■ WHAT YOU ARE ASKED TO DO:
Write out the listing below in full and exactly, leaving out every picture.
*** RECORDED DATA ***
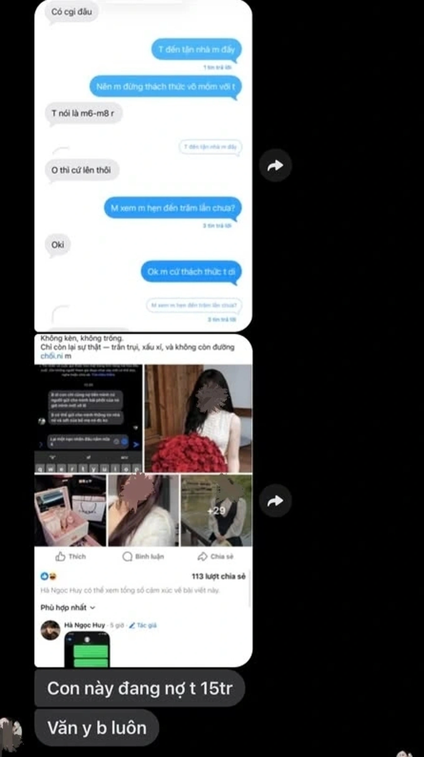 Bài “bóc phốt” C. do chị L.G. (26 tuổi, ở Quảng Ninh) và anh H.N.H. (22 tuổi, ở Hà Nội) đăng tải trên trang cá nhân. Cả 2 đều cho biết từng cho C. vay tiền, trong đó mới chỉ có chị G. đã đòi lại được khoản nợ.
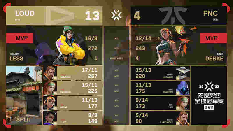 本张地图FNC 4:13 LOUD,MVP给到了Less选手。
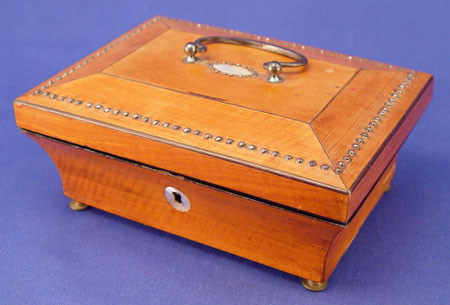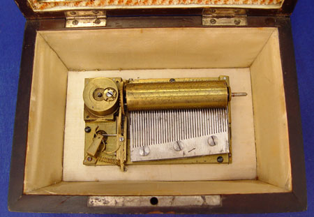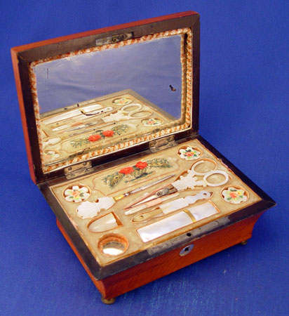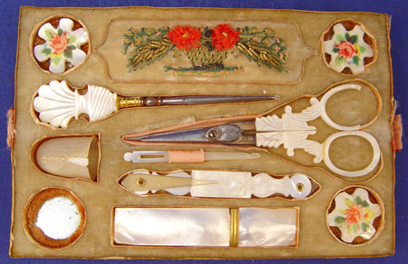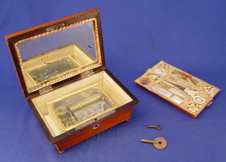 19th C MOTHER OF PEARL SEWING KIT IN MUSIC BOX: Self contained sewing kit fitted into a velvet lined box. Scissors (loss of MOP in handle), thimble, needle case, hole punch, thread winding stars, and pin cushion. The interior of the box is velvet lined with mirror on the top. The exterior has metal beading and mother of pearl escutcheon. The winder to the music is not there. 2 1/2''h. x 6 1/4'' x 4 1/2''.
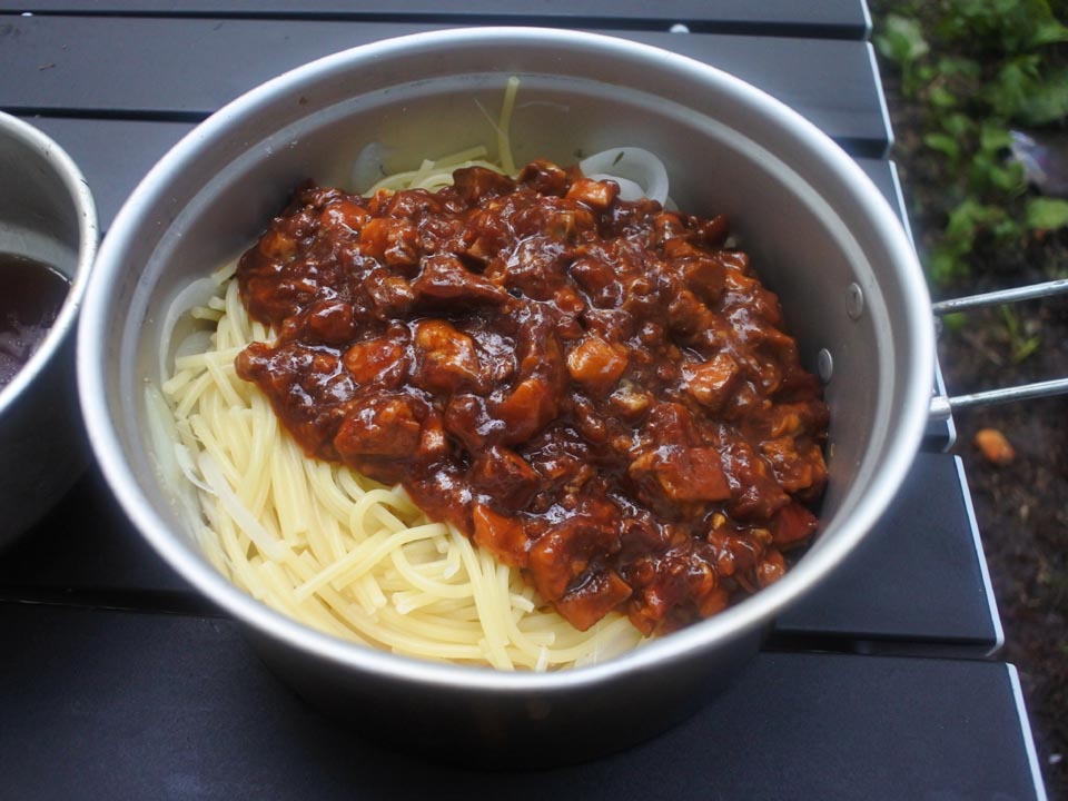 タマゴタケ・チチタケ・玉ねぎのスパゲッティ・ボロネーゼの出来上がり♪
*** End of RECORDED DATA ***
■ SOLUTION TO THE EXERCISE:
 Bài “bóc phốt” C. do chị L.G. (26 tuổi, ở Quảng Ninh) và anh H.N.H. (22 tuổi, ở Hà Nội) đăng tải trên trang cá nhân. Cả 2 đều cho biết từng cho C. vay tiền, trong đó mới chỉ có chị G. đã đòi lại được khoản nợ.
 本张地图FNC 4:13 LOUD,MVP给到了Less选手。
 19th C MOTHER OF PEARL SEWING KIT IN MUSIC BOX: Self contained sewing kit fitted into a velvet lined box. Scissors (loss of MOP in handle), thimble, needle case, hole punch, thread winding stars, and pin cushion. The interior of the box is velvet lined with mirror on the top. The exterior has metal beading and mother of pearl escutcheon. The winder to the music is not there. 2 1/2''h. x 6 1/4'' x 4 1/2''.
 タマゴタケ・チチタケ・玉ねぎのスパゲッティ・ボロネーゼの出来上がり♪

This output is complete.